Public must wait for final review on outage
A report blames the October earthquake and faulty switches for Oahu's blackout.
A STUDY commissioned by Hawaiian Electric Co.
pins the blame for the massive blackout on Oahu on the earthquake that shook the islands in October.
But HECO's system might not have quit had the mercury switches on two generating units given correct readings of their fluid levels. The false indications triggered the loss of power at Kahe 5 and Kahe 6, among HECO's largest generating units.
HECO says it has replaced the switches with ones less sensitive to earthquakes, a good start in ensuring this problem won't occur again.
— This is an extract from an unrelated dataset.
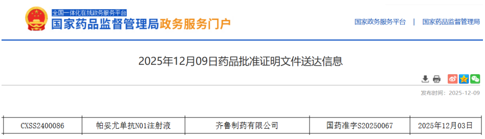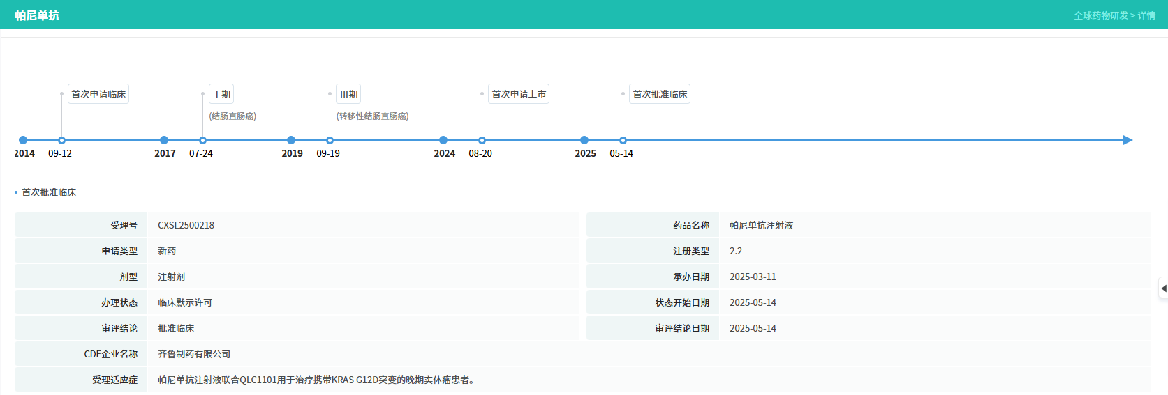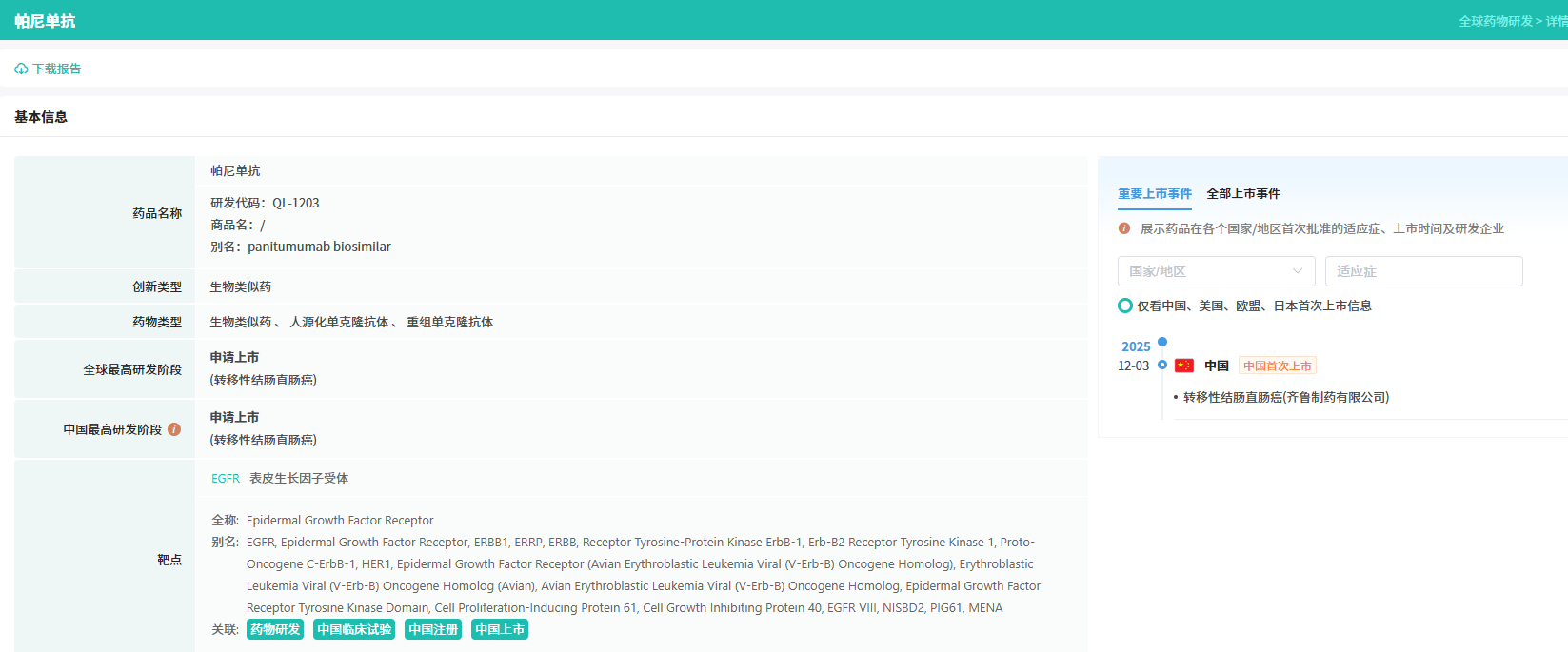 近日,据NMPA官网显示,齐鲁制药自主研发的帕妥尤单抗 N01注射液(QL1203)成功获批上市。该药物作为国内首款全人源抗EGFR单克隆抗体3.4类新药,将联合mFOLFOX方案,用于RAS野生型转移性结直肠癌(mCRC)患者的一线治疗。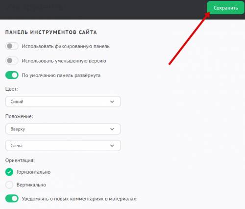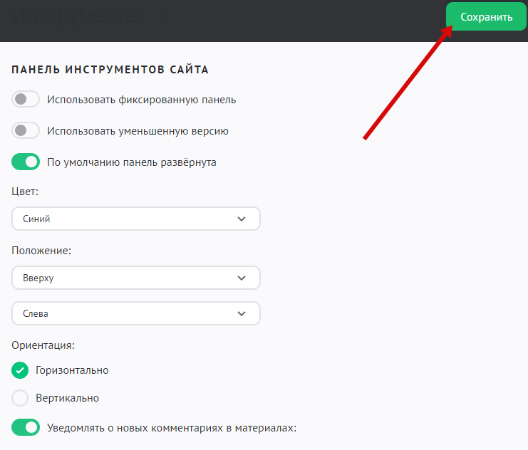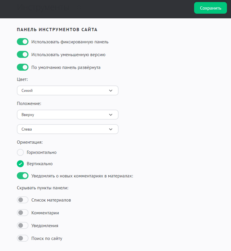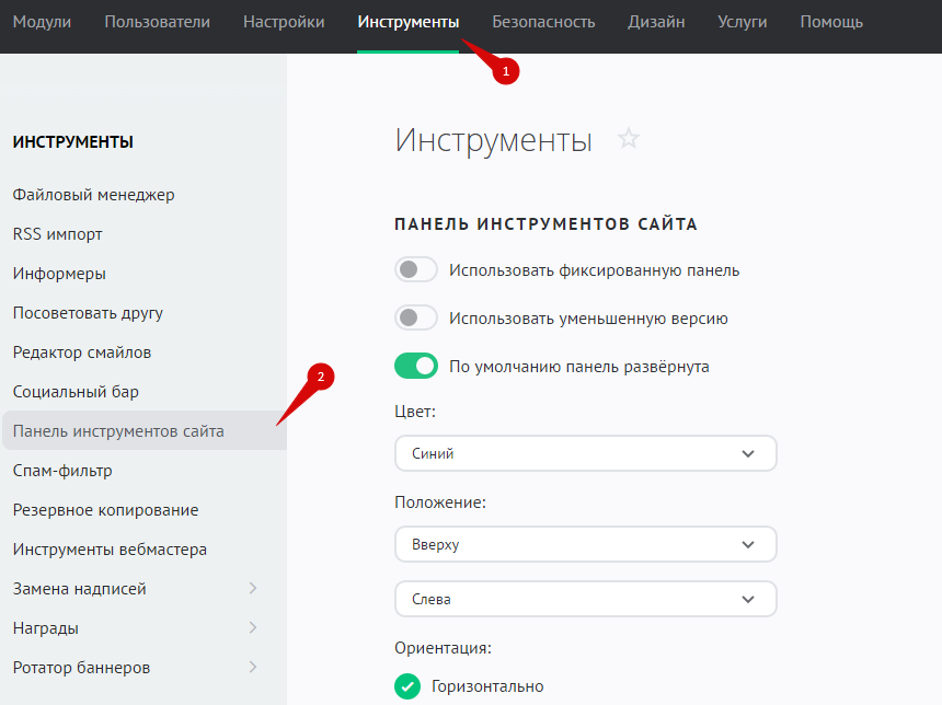 Чтобы настроить внешний вид и расположение панели инструментов, в панели управления сайтом откройте раздел «Инструменты» и выберите в меню слева «Панель инструментов сайта»:

Though the company cannot predict what would happen in comparable situations, the public expects reliable power generation and HECO should consider atypical events.
According to the report -- prepared by Power Engineers Inc., an Idaho-based consultant, at HECO's request -- the quake probably shook the mercury in switches that sense fluid levels in equipment regulating steam flow to the turbines. The false readings activated relays that locked the turbines to prevent damage, tripping a series of shutdowns that resulted in the outage.
The report also noted that HECO's actions in restoring power were reasonable, though it recommended the company set priorities for getting power to "critical customers," such as hospitals and communication services.
The study is just the first step in a review by the Public Utilities Commission that will include HECO's affiliates on Maui and Hawaii. Customers will have to wait for that evaluation before making their own judgments.